Machine learning is not the danger. Optimisation without sufficiently broad objectives is. Every optimiser faithfully pursues whatever objective it is given while systematically ignoring everything excluded from the objective function. Markets optimise for return. Platforms optimise for engagement. Political campaigns optimise for victory. Bureaucracies optimise for self-preservation. Artificial intelligence merely accelerates a civilisational reflex that long predates it: sacrificing tomorrow for a marginal improvement today. We celebrate efficiency while quietly optimising away resilience, trust, wisdom, culture, meaning, and long-term persistence because none of them fit comfortably inside a quarterly report.
The current fascination with artificial intelligence risks missing the point entirely. AI is not the story; it is simply the latest instance. Steam engines, industrialisation, financial markets, mass media, social media, recommendation algorithms, machine learning, and whatever follows are successive expressions of the same underlying dynamic. The technology changes. The objective function scarcely does. Again and again, extraordinary advances in human capability are reorganised around extraction, concentration, acceleration, and advantage. We speak as though AI has become our master when, in reality, it is faithfully amplifying objectives civilisation selected long before the first neural network was trained.

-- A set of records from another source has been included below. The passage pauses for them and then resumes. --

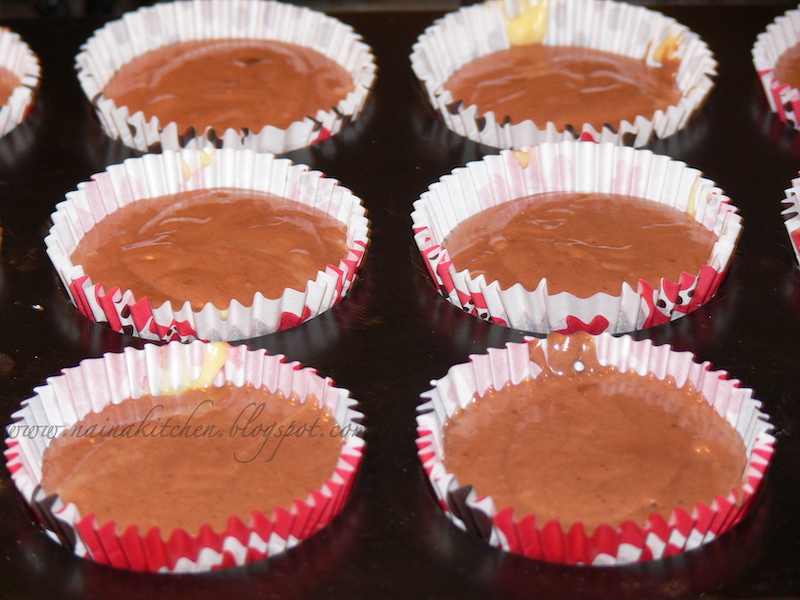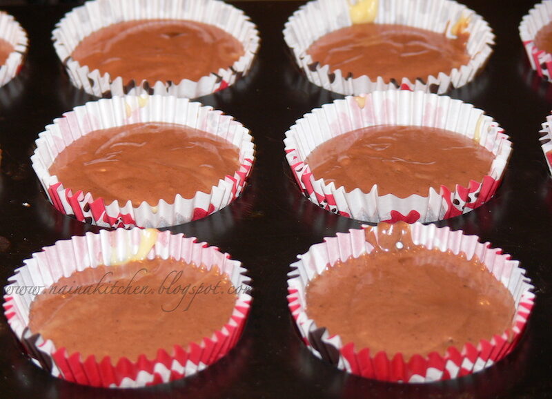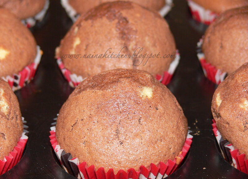 In formele de muffins asezam compozitia astfel: la baza punem stratul simplu, apoi adaugam bucati de ciocolata (sau, dupa preferinta, nuci, fructe sau stafide), iar deasupra completam cu compozitia cu cacao.
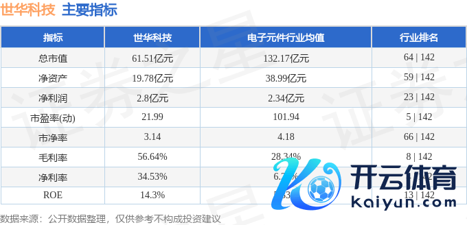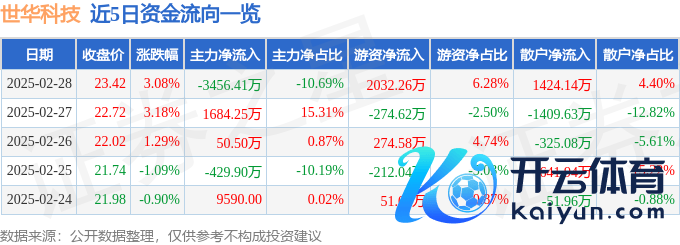 本站音信,适度2025年2月28日收盘,世华科技(688093)报收于23.42元,高潮3.08%云开体育,换手率5.17%,成交量13.57万手,成交额3.23亿元。
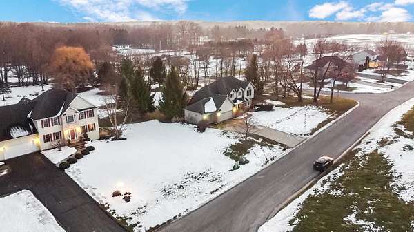 READY TO MOVE IN HOME ON PREMIER CORNER LOT WITHIN COVETED JACKSON TOWNSHIP. This Elevated space delivers stunning quartz countertops in the kitchen, a theme of luxury that extends into the bespoke laundry suite. The expansive living, dining, and executive office spaces are unified by stylish laminate flooring, creating a fluid, light-filled aesthetic. The Primary Suite is a voluminous sanctuary defined by soaring vaulted ceilings. The spa-inspired ensuite features a private water closet and a sprawling walk-in wardrobe curated for the fashion-forward. Indulge in an atmosphere of refined luxury with integrated ambient audio speakers providing a curated soundtrack throughout the primary living spaces and the lower level. The basement is a masterclass in design featuring soaring tray ceilings and a showpiece wet bar that rivals the finest private lounges. Outside enjoy the New deck for the above ground pool with major updates already handled, and for the hobbyist or collector, the detached garage comes complete with power, ready for you to enjoy. Offering a seamless blend of grand entertaining spaces and intimate private retreats, this is a home designed for a life well-lived. NEW UPDATES INCLUDE: Living Room and Dining Room Floors (2017, Refrigerator (2021), Stove (2020), Dishwasher (2022), Microwave (2020), Washer/Dryer (2019), Pool Deck (2021), Pool Liner (2024), Pool Pump and Filter (2022, New Sand (2025), Water Softener (2022), and Water Heater (2024), Underground Dog Fence with Two Collars (2017)
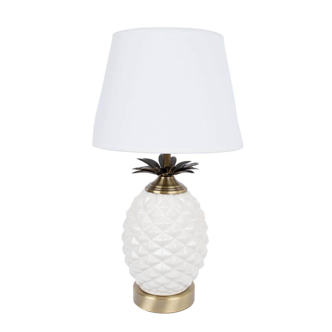 Pöytävalaisin ANANAS H45cm, kupu: valkoinen, jalka: valkoinen keramiikka
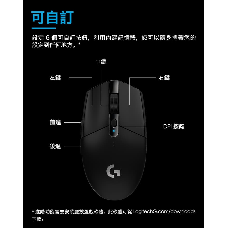 Logitech 羅技 G304 LIGHTSPEED 無線電競滑鼠(5色選)【現貨】【GAME休閒館】神秘黑|極光白|藍色|紫色|綠色MiceGAME休閒館
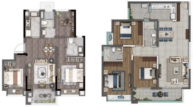 我整理了目前主城区有三房在售的项目,常见户型布局都如下图所示,至少有一个卧室朝北:
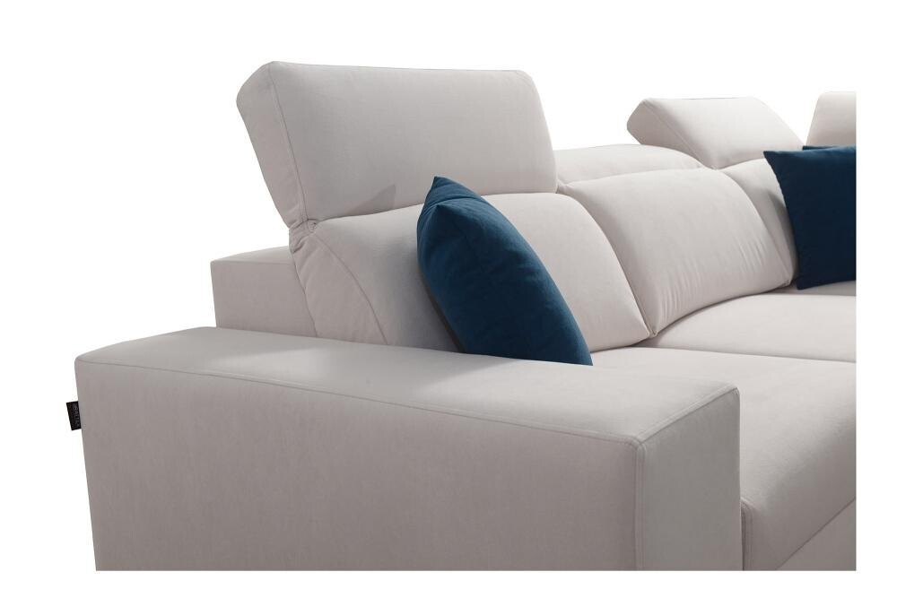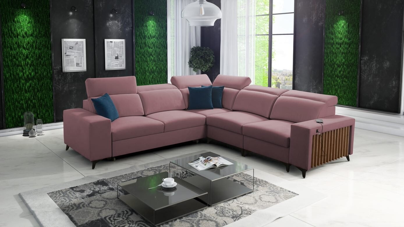 Narożnik Niobe III to synonim komfortu i stylu. Dostępny w wielu kolorach plamoodpornych tkanin o różnych strukturach, w tym welurach i plecionkach, pozwala na stworzenie wnętrza pełnego ciepła i elegancji. Siedzisko wykonane ze sprężyn falistych oraz pianki T30 o grubości 10 cm gwarantuje wygodę, a opcjonalne wypełnienie z pianki HR 35 podnosi komfort użytkowania.
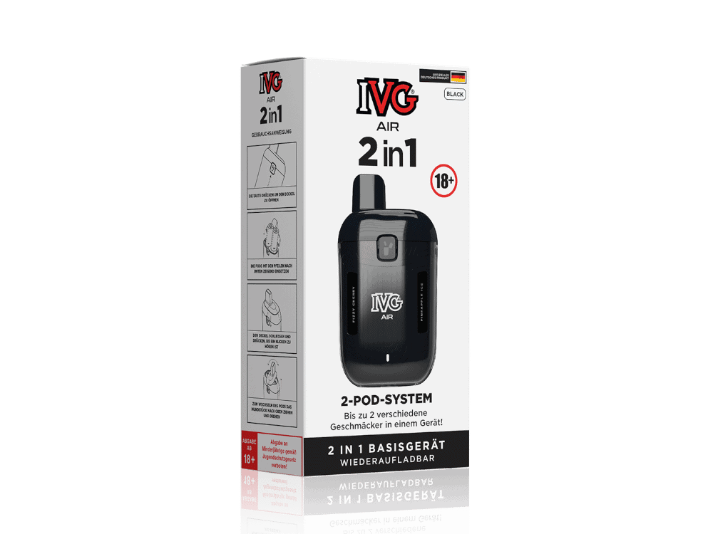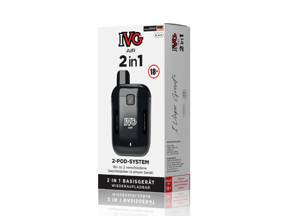 Für Dampfer, die auf eine hohe Benutzerfreundlichkeit und die Freiheit, zwischen zwei Geschmacksrichtungen zu wechseln, Wert legen, ist das IVG AIR 2in1 Akku-Basisgerät die ideale Lösung.
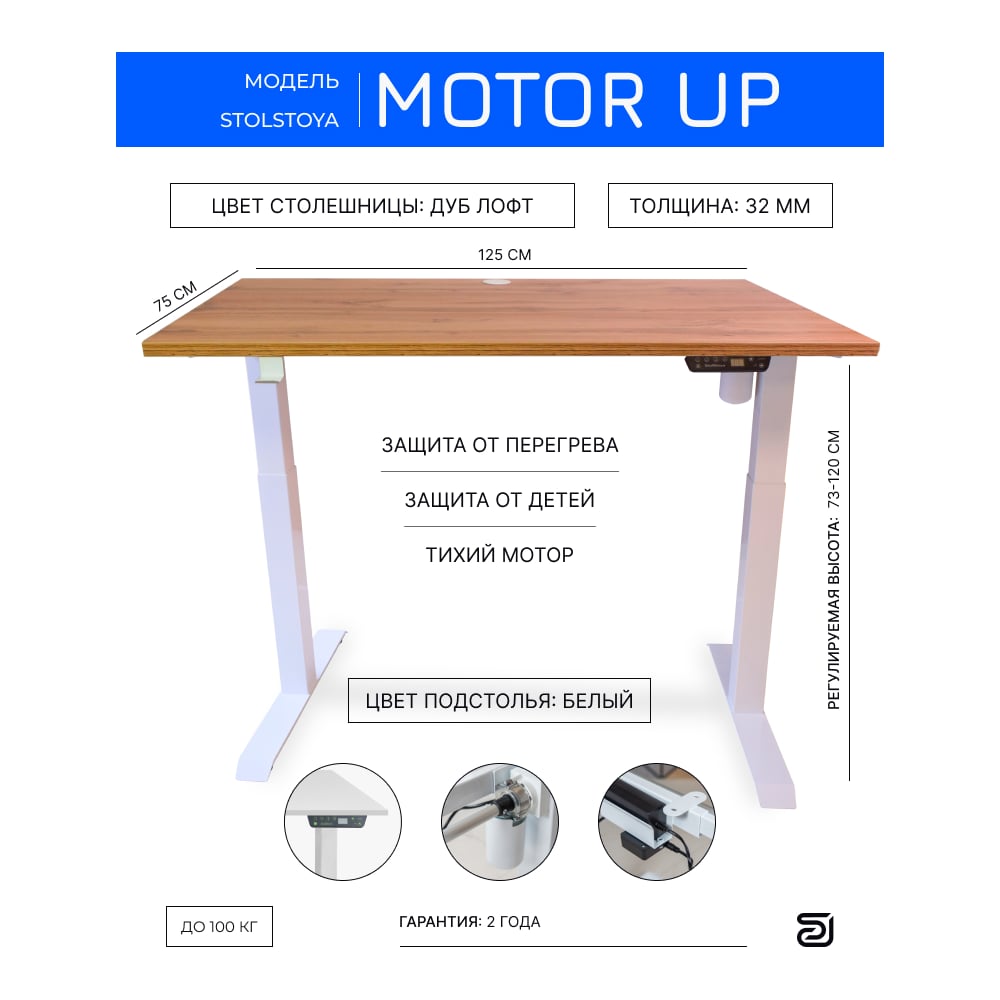 Стол с регулируемой высотой StolStoya МОТОР UP рама белая, столешница ЛДСП, Дуб лофт, 125x75 PE211IWSLDL125

Artificial intelligence will not destroy civilisation. Civilisation will destroy itself through the objectives it chooses to optimise, with artificial intelligence serving as the most powerful amplifier yet invented. That is the unpleasant little knot at the centre of this entire spectacle. AI is not our existential threat so much as our existential mirror. If we continue optimising for extraction, concentration, and short-term advantage, AI will not decide our future. It will simply help us arrive there much faster.

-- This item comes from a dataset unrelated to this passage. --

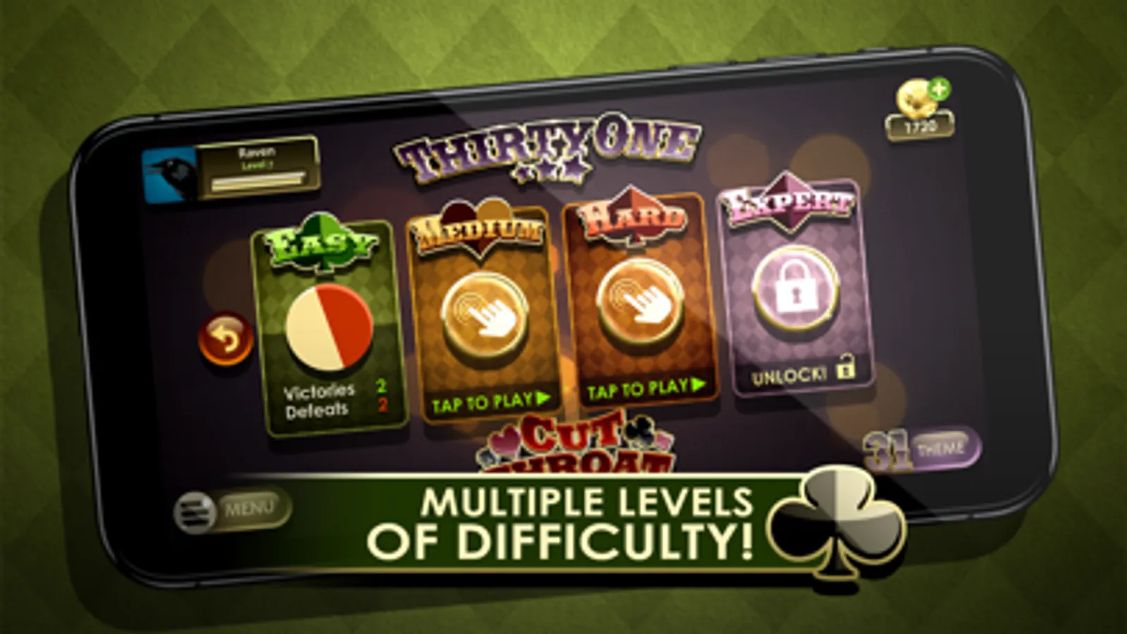 Thirty One offers four levels of difficulty, five unique game modes as well as extensive statistics tracking. It is an unparalleled game play experience! Also connect to Facebook to store your statistics and progress in the cloud. Personalize your game, earn experience with every game, and share your progress between all your devices.

History has rarely been undone by a shortage of intelligence. More often, it has been undone by institutions that rewarded immediate advantage while systematically discounting consequence. There is an important distinction between ignorance and wilful blindness. Ignorance can learn. Wilful blindness often pays remarkably well. Civilisations seldom fail because nobody noticed the warning signs. They fail because acknowledging them threatened too many incentives, too many assumptions, and too many concentrations of power. By the time reality submits its invoice, those responsible have usually convinced themselves they were creating progress.
Civilisation cannot exist without optimisation. The question has never been whether we optimise, but what we optimise for. Money, markets, and technology are indispensable instruments, but disastrous masters. Intelligence without wisdom merely accelerates error. Continue mistaking accumulation for success, extraction for value, and efficiency for progress, and artificial intelligence will not end civilisation. It will simply become the clearest possible expression of objectives that were already consuming the future long before anyone thought to call them intelligent.
One reply on “optimise this”
The deeper problem is not AI. It is the value system AI is being plugged into. Money is useful because it lets people compare unlike things, store effort across time, settle obligations, coordinate work, and make decisions without knowing everyone personally. That is no small achievement. The failure begins when this useful abstraction becomes the highest social reality. Wealth becomes status, status becomes power, and power protects itself. At that point, the system stops asking what sustains civilisation and starts asking what increases accumulation. Greed is not just personal selfishness; it is a social architecture that rewards extraction and calls the result success. We are not being killed by money itself, but by a civilisation stupid enough to mistake its accounting system for its soul.